🤖 AI Summary
In resource-constrained heterogeneous federated learning (FL), clients employing mixed quantization levels suffer from model shift, aggregation bias, and client drift. To address these issues, this paper proposes a weight-shift-based statistical alignment mechanism. The method introduces a lightweight, retraining-free weight shifting strategy with zero additional communication overhead: the server aligns the output distributions of locally trained models—quantized at varying bit-widths—by matching their first- and second-order statistics. Crucially, the approach is compatible with mainstream FL optimizers (e.g., FedAvg, FedOpt) without architectural or protocol modifications. Extensive experiments on benchmark datasets (CIFAR-10/100, Tiny-ImageNet, FEMNIST) demonstrate significantly improved convergence speed and final accuracy, effectively eliminating performance degradation induced by mixed quantization. The solution offers a scalable, low-overhead, and practical framework for efficient FL on heterogeneous edge devices.
📝 Abstract
Federated Learning (FL) commonly relies on a central server to coordinate training across distributed clients. While effective, this paradigm suffers from significant communication overhead, impacting overall training efficiency. To mitigate this, prior work has explored compression techniques such as quantization. However, in heterogeneous FL settings, clients may employ different quantization levels based on their hardware or network constraints, necessitating a mixed-precision aggregation process at the server. This introduces additional challenges, exacerbating client drift and leading to performance degradation. In this work, we propose FedShift, a novel aggregation methodology designed to mitigate performance degradation in FL scenarios with mixed quantization levels.
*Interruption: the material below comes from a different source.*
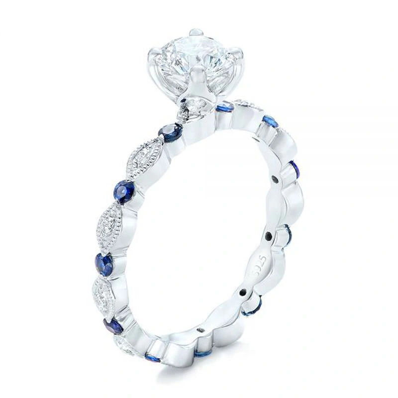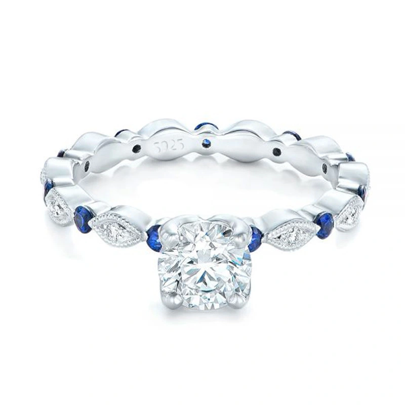 Anel de casamento clássico com seis garras de zircónia, estilo celebridade, microincrustado, leve, luxuoso, estilo europeu e americano

FedShift employs a statistical matching mechanism based on weight shifting to align mixed-precision models, thereby reducing model divergence and addressing quantization-induced bias. Our approach functions as an add-on to existing FL optimization algorithms, enhancing their robustness and improving convergence. Empirical results demonstrate that FedShift effectively mitigates the negative impact of mixed-precision aggregation, yielding superior performance across various FL benchmarks.